**What needs to be done:**
In the data that follows, every line containing the word "over" should be returned.

[Dataset entries]
- Opening Delimiter -

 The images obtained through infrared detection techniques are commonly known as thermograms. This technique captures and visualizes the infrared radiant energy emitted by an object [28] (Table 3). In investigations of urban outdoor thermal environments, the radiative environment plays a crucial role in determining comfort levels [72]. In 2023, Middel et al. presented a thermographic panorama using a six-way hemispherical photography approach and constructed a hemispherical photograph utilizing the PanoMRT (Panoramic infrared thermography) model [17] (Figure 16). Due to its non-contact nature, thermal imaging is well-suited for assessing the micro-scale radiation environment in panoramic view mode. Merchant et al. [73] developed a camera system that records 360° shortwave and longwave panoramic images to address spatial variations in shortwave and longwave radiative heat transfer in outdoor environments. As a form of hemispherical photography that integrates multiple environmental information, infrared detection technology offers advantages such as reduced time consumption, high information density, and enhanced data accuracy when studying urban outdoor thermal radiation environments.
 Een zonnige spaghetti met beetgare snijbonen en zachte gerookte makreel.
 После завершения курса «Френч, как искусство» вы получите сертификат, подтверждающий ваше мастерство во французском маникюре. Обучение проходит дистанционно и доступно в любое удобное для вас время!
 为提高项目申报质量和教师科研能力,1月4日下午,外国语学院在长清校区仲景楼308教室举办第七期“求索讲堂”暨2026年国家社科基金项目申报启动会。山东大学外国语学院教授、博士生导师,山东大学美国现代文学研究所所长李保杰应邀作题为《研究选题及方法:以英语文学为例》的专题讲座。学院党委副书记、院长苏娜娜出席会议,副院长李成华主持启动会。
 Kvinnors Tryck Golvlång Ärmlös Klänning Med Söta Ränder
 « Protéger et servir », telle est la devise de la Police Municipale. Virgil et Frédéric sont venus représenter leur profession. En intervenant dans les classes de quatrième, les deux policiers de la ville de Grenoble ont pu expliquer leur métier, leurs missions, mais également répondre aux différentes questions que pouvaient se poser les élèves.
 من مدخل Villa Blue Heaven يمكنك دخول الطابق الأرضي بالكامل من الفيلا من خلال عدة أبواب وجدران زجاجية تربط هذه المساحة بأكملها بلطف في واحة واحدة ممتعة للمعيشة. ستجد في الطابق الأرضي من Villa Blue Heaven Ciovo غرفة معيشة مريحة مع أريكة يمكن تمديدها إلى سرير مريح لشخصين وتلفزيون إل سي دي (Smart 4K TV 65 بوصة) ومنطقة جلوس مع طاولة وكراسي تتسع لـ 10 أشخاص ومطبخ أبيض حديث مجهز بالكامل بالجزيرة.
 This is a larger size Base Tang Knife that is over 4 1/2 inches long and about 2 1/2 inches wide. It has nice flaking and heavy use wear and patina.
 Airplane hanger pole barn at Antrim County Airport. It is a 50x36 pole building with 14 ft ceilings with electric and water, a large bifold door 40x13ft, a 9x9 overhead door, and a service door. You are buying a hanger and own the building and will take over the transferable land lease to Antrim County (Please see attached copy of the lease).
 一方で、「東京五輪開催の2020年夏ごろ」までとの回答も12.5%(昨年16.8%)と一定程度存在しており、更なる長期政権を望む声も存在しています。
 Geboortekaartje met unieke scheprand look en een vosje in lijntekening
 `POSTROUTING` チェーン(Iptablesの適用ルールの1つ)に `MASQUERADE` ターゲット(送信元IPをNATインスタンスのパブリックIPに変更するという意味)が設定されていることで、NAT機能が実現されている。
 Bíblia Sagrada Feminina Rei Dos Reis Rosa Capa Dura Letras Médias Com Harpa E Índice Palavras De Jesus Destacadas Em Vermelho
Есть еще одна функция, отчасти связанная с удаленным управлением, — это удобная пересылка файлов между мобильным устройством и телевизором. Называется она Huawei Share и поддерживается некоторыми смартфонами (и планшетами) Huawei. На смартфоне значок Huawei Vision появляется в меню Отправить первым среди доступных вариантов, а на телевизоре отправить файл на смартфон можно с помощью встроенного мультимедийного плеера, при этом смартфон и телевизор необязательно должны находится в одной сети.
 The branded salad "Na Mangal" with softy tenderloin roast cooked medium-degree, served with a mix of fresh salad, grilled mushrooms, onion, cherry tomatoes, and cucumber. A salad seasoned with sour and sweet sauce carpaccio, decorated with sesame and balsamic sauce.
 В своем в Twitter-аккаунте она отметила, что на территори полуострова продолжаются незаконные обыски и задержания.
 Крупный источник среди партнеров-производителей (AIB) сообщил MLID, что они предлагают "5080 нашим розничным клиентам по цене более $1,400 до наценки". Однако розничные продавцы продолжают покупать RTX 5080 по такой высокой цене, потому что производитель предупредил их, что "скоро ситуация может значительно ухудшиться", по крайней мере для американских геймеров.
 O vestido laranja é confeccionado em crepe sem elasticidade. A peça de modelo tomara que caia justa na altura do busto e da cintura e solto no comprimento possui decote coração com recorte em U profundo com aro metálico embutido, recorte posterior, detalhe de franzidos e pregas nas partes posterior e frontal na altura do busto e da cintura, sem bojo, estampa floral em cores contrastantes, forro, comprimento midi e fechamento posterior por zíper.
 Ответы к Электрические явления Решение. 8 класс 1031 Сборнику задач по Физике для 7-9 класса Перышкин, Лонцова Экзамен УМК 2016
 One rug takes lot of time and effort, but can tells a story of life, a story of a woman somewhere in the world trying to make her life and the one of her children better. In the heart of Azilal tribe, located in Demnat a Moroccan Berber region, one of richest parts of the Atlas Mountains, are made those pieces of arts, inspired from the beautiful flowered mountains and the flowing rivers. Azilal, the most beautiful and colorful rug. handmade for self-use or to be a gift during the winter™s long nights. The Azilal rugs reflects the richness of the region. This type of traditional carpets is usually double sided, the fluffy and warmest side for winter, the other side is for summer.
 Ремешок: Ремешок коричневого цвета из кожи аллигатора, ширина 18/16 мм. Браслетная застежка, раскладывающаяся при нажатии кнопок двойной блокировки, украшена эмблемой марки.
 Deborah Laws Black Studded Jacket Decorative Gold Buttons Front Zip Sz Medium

- Closing Delimiter -

**Exercise output:**
 This is a larger size Base Tang Knife that is over 4 1/2 inches long and about 2 1/2 inches wide. It has nice flaking and heavy use wear and patina.
 Airplane hanger pole barn at Antrim County Airport. It is a 50x36 pole building with 14 ft ceilings with electric and water, a large bifold door 40x13ft, a 9x9 overhead door, and a service door. You are buying a hanger and own the building and will take over the transferable land lease to Antrim County (Please see attached copy of the lease).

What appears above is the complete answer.